Two other gentlemen who are with Yes presently has also been with the group a very long time. That would be Steve Howe on guitar, and Alan White behind the drum kit. Steve has been with Yes a few years longer, but is yet another member who has come, gone, and come back again. Alan, who also was John Lennon's drummer, stayed consistent with his first studio album with Yes being their 1973 masterpiece, Tales From Topographic Oceans.
Just so everyone is on the same page, Geoff Downes is Yes' current keyboard player. Like Steve Howe, Geoff had left the band before and is now back again. This was my first time seeing Mr. Downes playing for this legendary prog-rock band. His style with Yes somewhat different than his playing with the band Asia, as I had the pleasure of seeing two times previously, but I'm getting ahead of myself. Rounding out Yes is lead vocalist and multi-instrumentalist Jon Davison. Some might know him from his other band Glass Hammer. He contributed heavily to the Yes' new release Heaven And Earth. The talented Jon Davison did a solid job on that album, and did the same exact thing at the Houston show.
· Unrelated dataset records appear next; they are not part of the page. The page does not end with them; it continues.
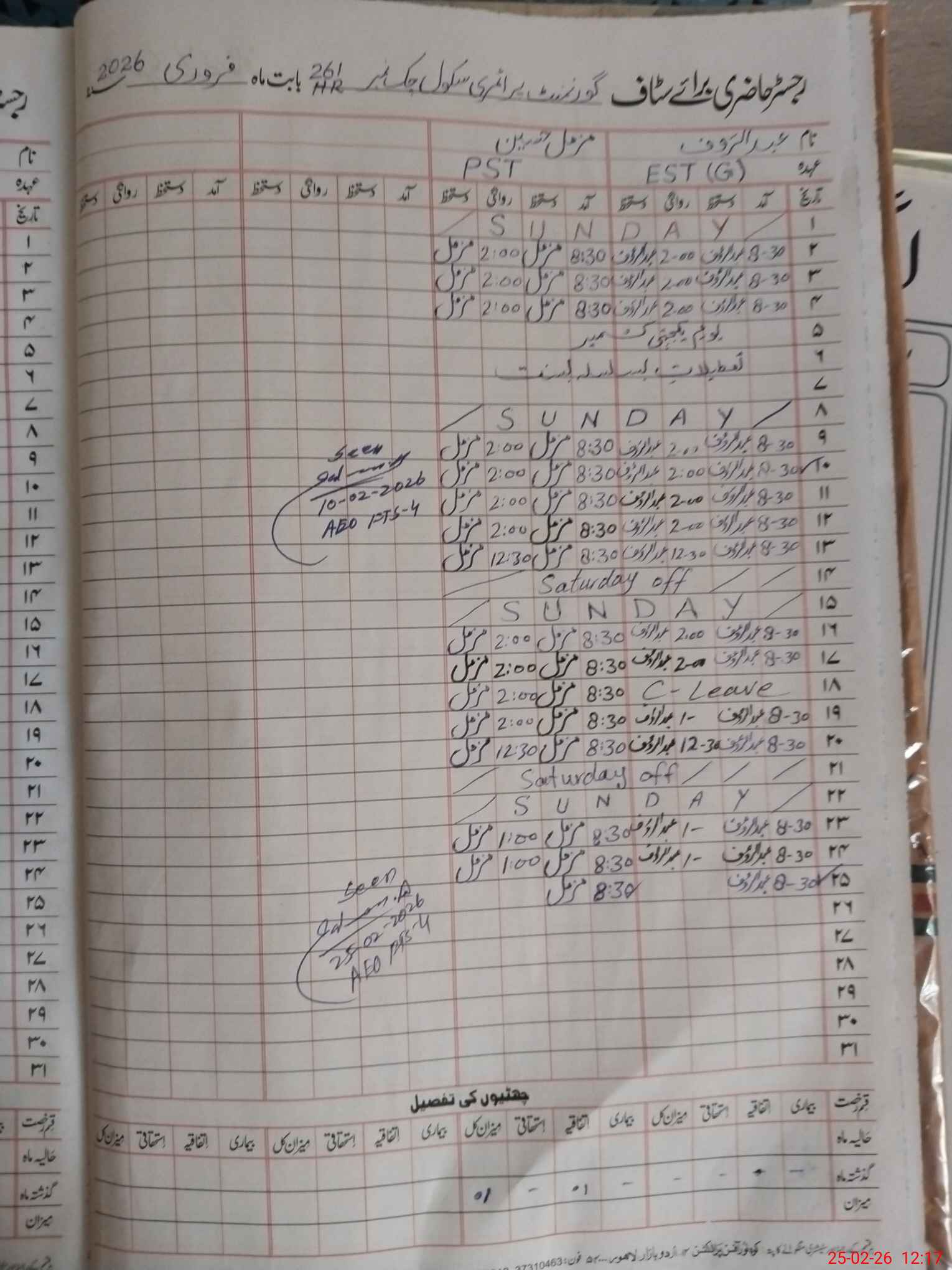 | Name: AB**** RA**** Designation: (School Headmaster's/Headmistress's) PST Phone/Cell Number: 03**** |
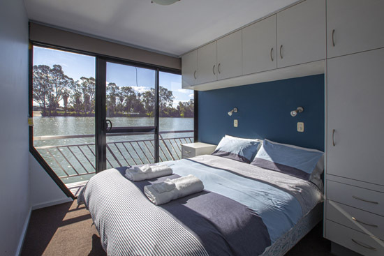 Riverstar has a spacious living area with a large corner lounge suite to sit back relax and enjoy the beautiful views of the Murray. This area has reverse cycle air-conditioning for your added comfort in summer and winter. The well equipped gourmet kitchen which includes a gas/electric stove, microwave, dishwasher plus plenty of crockery and cookware and all the other items needed to prepare and cater to all your holiday meals. The changing scenery through the panoramic tinted windows whilst in the kitchen will make meal times even more pleasurable and never boring.
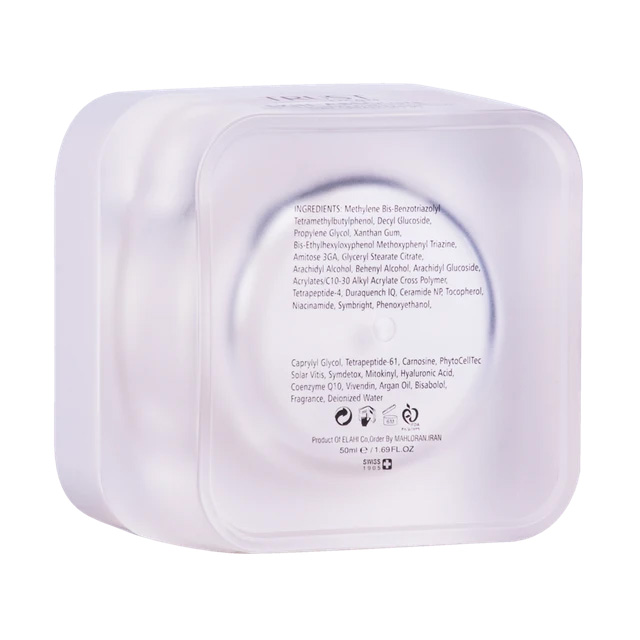 - افزایش استحکام پوست و رفع چین و چروکهای پوستی با داشتن ترکیبات فعال پپتیدی تتراپپتاید-۴، تتراپپتاید-۶۱، سرامید NP، هیالورونیکاسید و توکوفرول

Yes is NOW on the road touring a new album called Heaven And Earth. I reviewed it for Classic Rock Radio (Dot EU) a week or two ago. Their set list is a celebration of its past, and a solid presentation of some new material. My only wish would be that they play MORE tracks than two from Heaven & Earth the next time around on tour. And for the third time, let me write about the evening.
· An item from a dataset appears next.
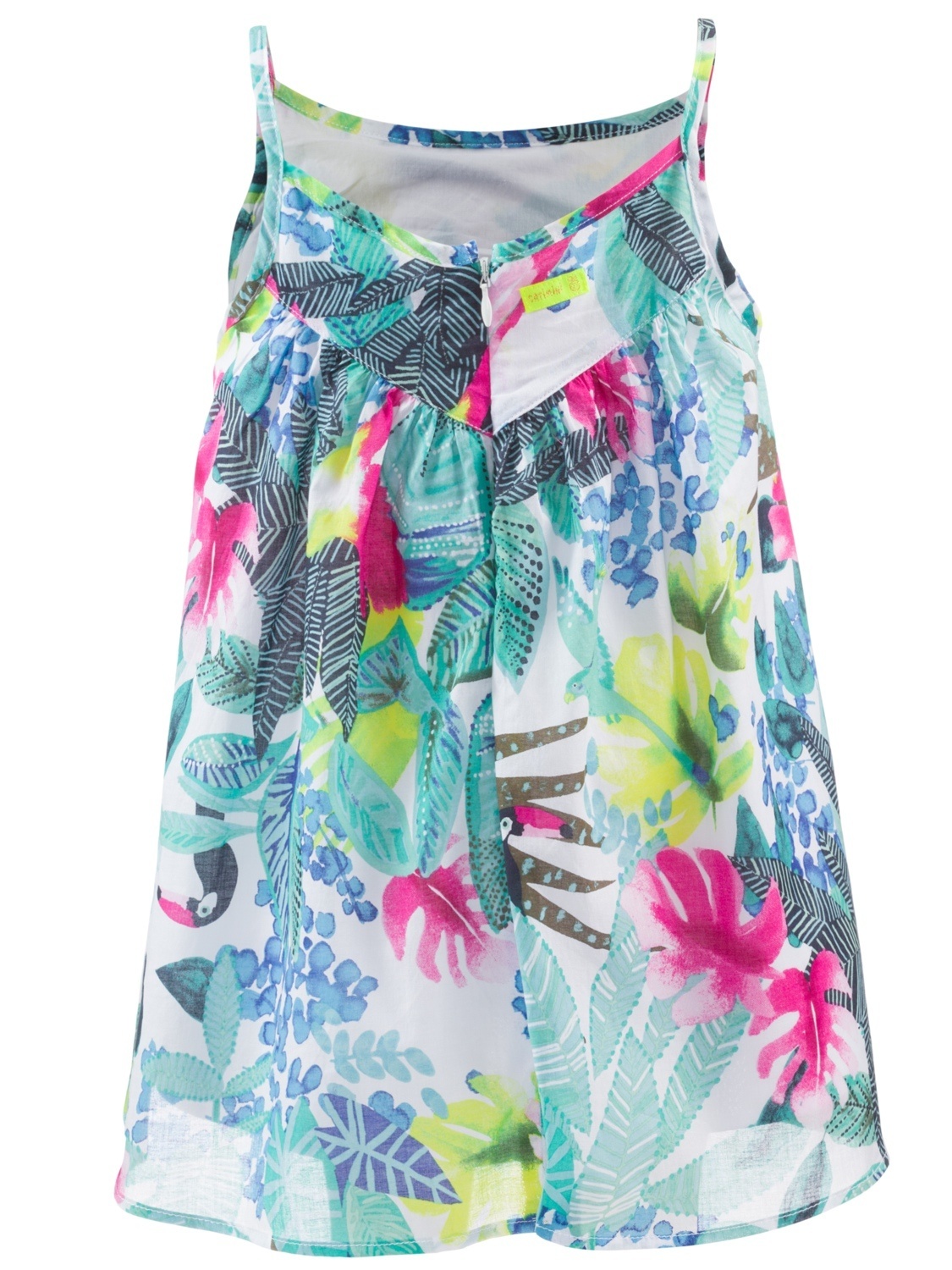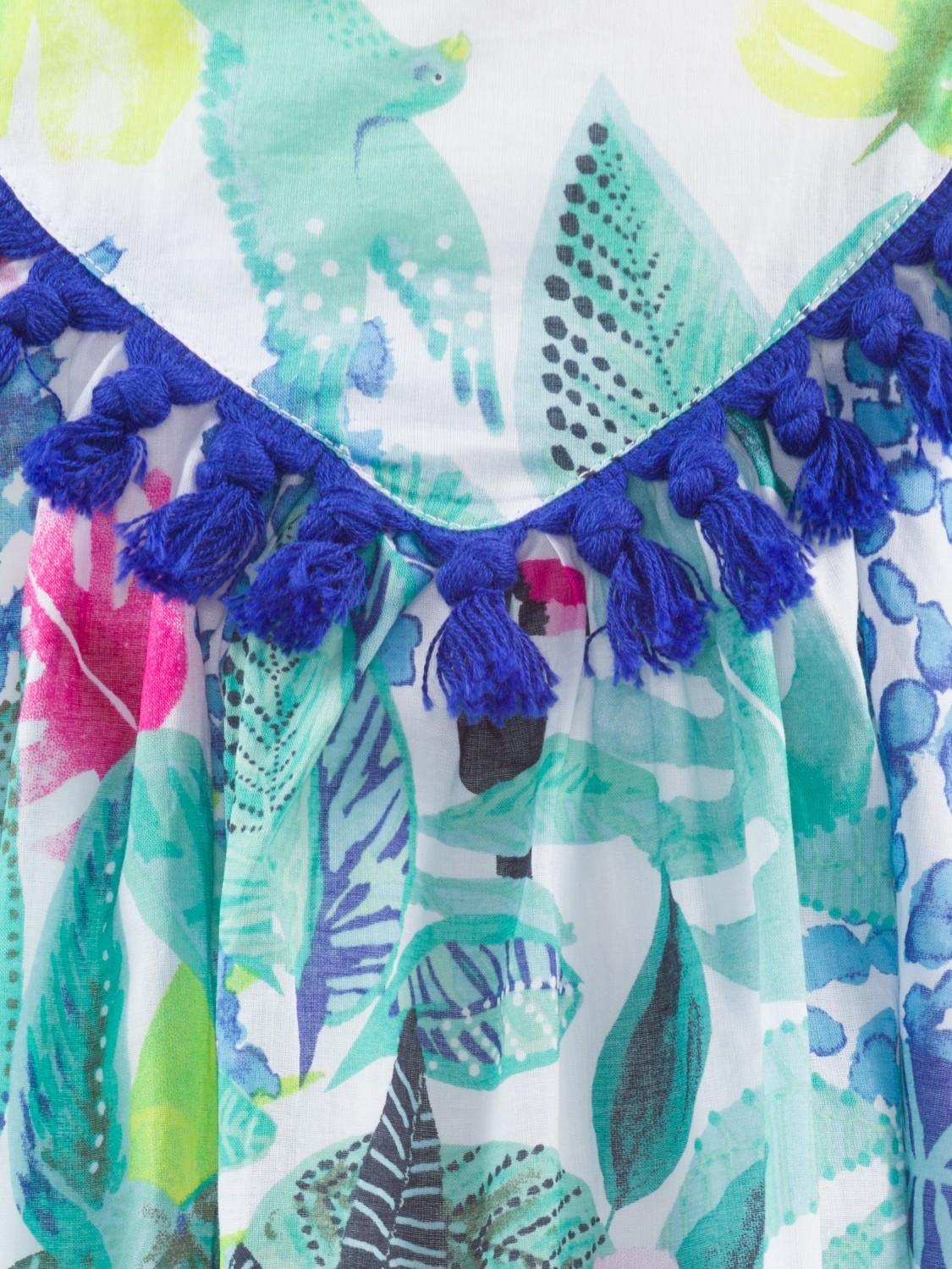 Vestido infantil floral colorido com franjas azuis e alças finas

The group started off the show by playing (in it's entirety) 1973's, Close To The Edge album. Would make a short list of favorite Yes albums if I had to write one. The stand out performer, in my opinion was Geoff Downes. He owned 'Close To The Edge' with his musical performance!! Of course the rest of the band shined as well.
The next two new songs were 'Believe Again', and 'The Game'. This not being my first Yes tour, I can say I always enjoyed seeing the band play new music. Sure I love the greatest hits, but it's always so cool seeing the members perform songs I have not seen them play before. My first Yes concert saw the band promote their newest album at the time, Relayer (1974). I've missed only a couple tours supporting new projects since then. I'm certainly more than a fly-by night fan.
One of the studio albums that made me such a big fan was 1972's Fragile. So it made me ecstatic to hear the group playing the whole Fragile album on the Heaven and Earth tour. This was worth the price of admission all by itself. It was my first time seeing two cuts from that record, 'Five Percent Of Nothing', and 'Cans and Brahms', played live. Fucking blew me away! I lived twenty years in New Jersey. No other way for me to say that. Thanks to Geoff and Alan (and the rest of the band) for that historic Yes moment for me. Cool lighting and projections throughout the songs made them all the better. Back to the band, they peaked for me playing 'South Side of The Sky', the newest members making the songs their own. This IS Yes !! For the band is not just a launch pad, or spot light for one or two individuals but a unified musical synchronicity. It's the musicians that make up Yes at whatever time that gave the music a signature sound. The music is unique and even when listening to what is considered to be their weakest material by long time fans, it stands out because of the caliber of musicianship involved. Two studio albums from the group's over four decades of existence include Tormato (1978), and Open Your Eyes (1997), come to mind for this reviewer as not exactly being their best works. Still, plenty of good moments.
The rest of the evening at the Yes show flew by. I had the greatest time along with my friend Charles Zittle (drummer for Houston band Generation: Landslide!). Was a solid evening of wonderful music. The warm up band Syd Arthur opened up for Yes. One has to be good to share the same stage in the same evening with Yes, and they were. So if possible, catch the tour. You'll be glad you did.
Warning: Merchandise RANT
Oh...almost forgot. The official tour tee shirts found at the merchandise stand need to come in BIGGER sizes. I noticed at this concert, lots of people in the crowd between the ages of 40 and 60. Don't know about them, but I have three past Yes Tour tee shirts in LARGE, that because of my ever expanding belly, do not fit anymore. Future eBay items? At six foot and near 190 pounds, I really need EXTRA LARGE nowadays. So merchants, please take Uncle G's suggestion and try to have more EXTRA LARGE tee shirt selections available. Since you only had one that size, that's all I purchased. I would have gotten another if it would have fit me. Just saying. Besides that, great job!! Oh...and I like the autographed CD's and the coffee mugs. Try to keep those in stock.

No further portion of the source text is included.